**Problem details**
Retype only the lines from the top of the records to the line with "世界除草剂抗性行动委员会对草甘膦产生抗性杂草的统计", including that line but none of the pictures.

=== Exercise data ===

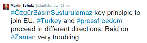 Schulz, Twitter’de yaptığı açıklamada #Özgürbasınsusturulamaz etiketini kullanarak gözaltılara tepki gösterdi. Zaman’a yapılan baskının ‘çok kaygı verici’ olduğunu vurgulayan Schulz, Türkiye ve basın hürriyetinin farklı yönlere gittiğini ifade etti.
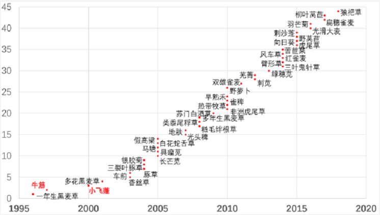 世界除草剂抗性行动委员会对草甘膦产生抗性杂草的统计
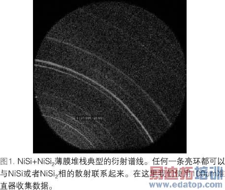 相分析要求事先了解感兴趣的相。一种自动化的峰拟合算法用来获得曲线中每一个峰的位置和强度值。将实验峰值的位置与感兴趣相的谱线作对比,来确定该相是否存在。另外,曲线中不能被匹配的峰意味着更多的相存在。例如在图2中,如果取样程式认为在测量的硅片上只存在镍单硅化物,尽管事实上相的鉴定需要手工完成,但多余的峰(来自于NiSi2)仍然会被软件标记。为了测量不同相的比例,一种针对多相系统的应用遵循了这样的原理,即一个独立相衍射峰的强度(一级近似)与薄膜中对应相的数量成比例。
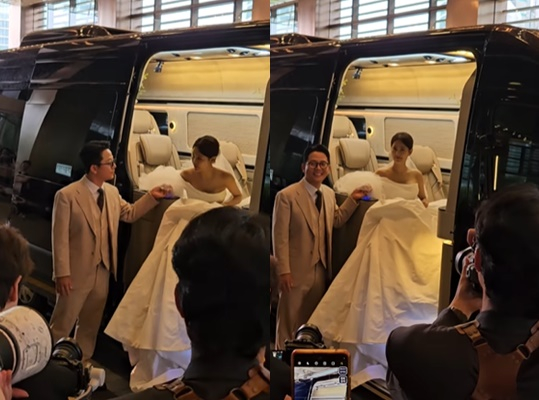 김준호와 김지민은 13일 서울 강남구 삼성동 그랜드 인터컨티넨탈 파르나스 호텔에서 결혼식을 올렸다. 이날 김준호의 지인은 자신의 개인 계정에 차량에서 내리는 김지민 김준호 부부의 모습을 공개했다.
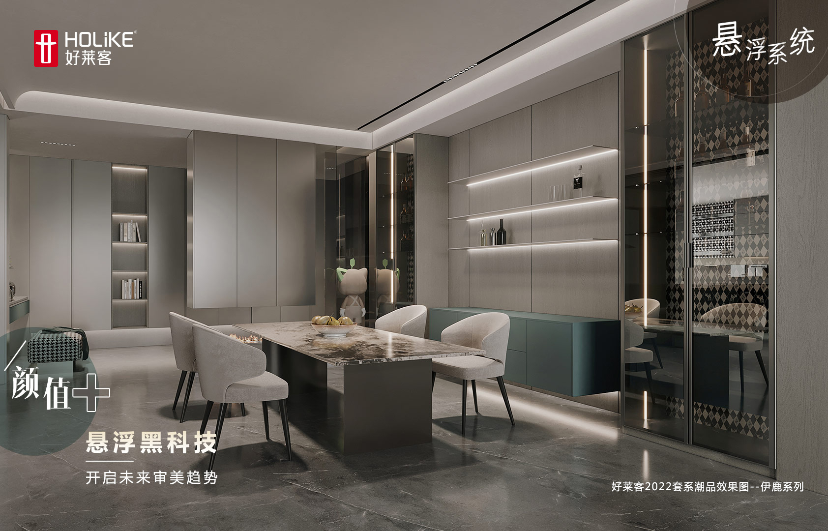 好莱客悬浮系统凭借独特优势,全面解决定制行业在护墙、柜体中安装、链接、收口的安装难题,并对未来可能存在的问题灵活处理。悬浮黑科技,全面开发墙面空间利用,开启未来审美趋势。
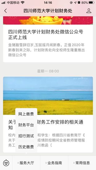 2.点击“服务大厅”上拉菜单中“网上缴费”。
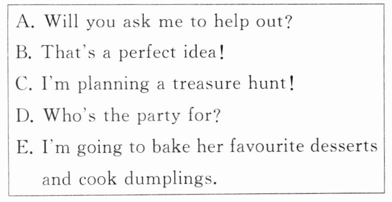 )A: It's Grandma's 70th birthday! She's feeling a little lonely nowadays, so I really want to hold a party that she'll never forget.
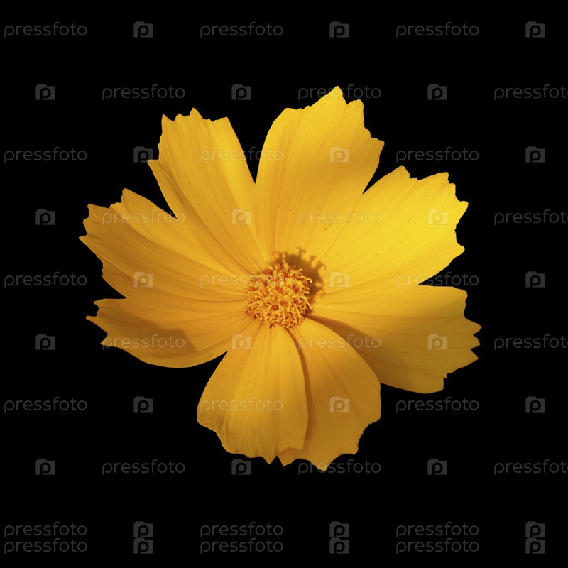 Желтый цветок, сложенный. Изолированный желтый цветок для дизайна. желтый цветок космоса, изолированные на черном фоне

===

**Result of the exercise**
 Schulz, Twitter’de yaptığı açıklamada #Özgürbasınsusturulamaz etiketini kullanarak gözaltılara tepki gösterdi. Zaman’a yapılan baskının ‘çok kaygı verici’ olduğunu vurgulayan Schulz, Türkiye ve basın hürriyetinin farklı yönlere gittiğini ifade etti.
 世界除草剂抗性行动委员会对草甘膦产生抗性杂草的统计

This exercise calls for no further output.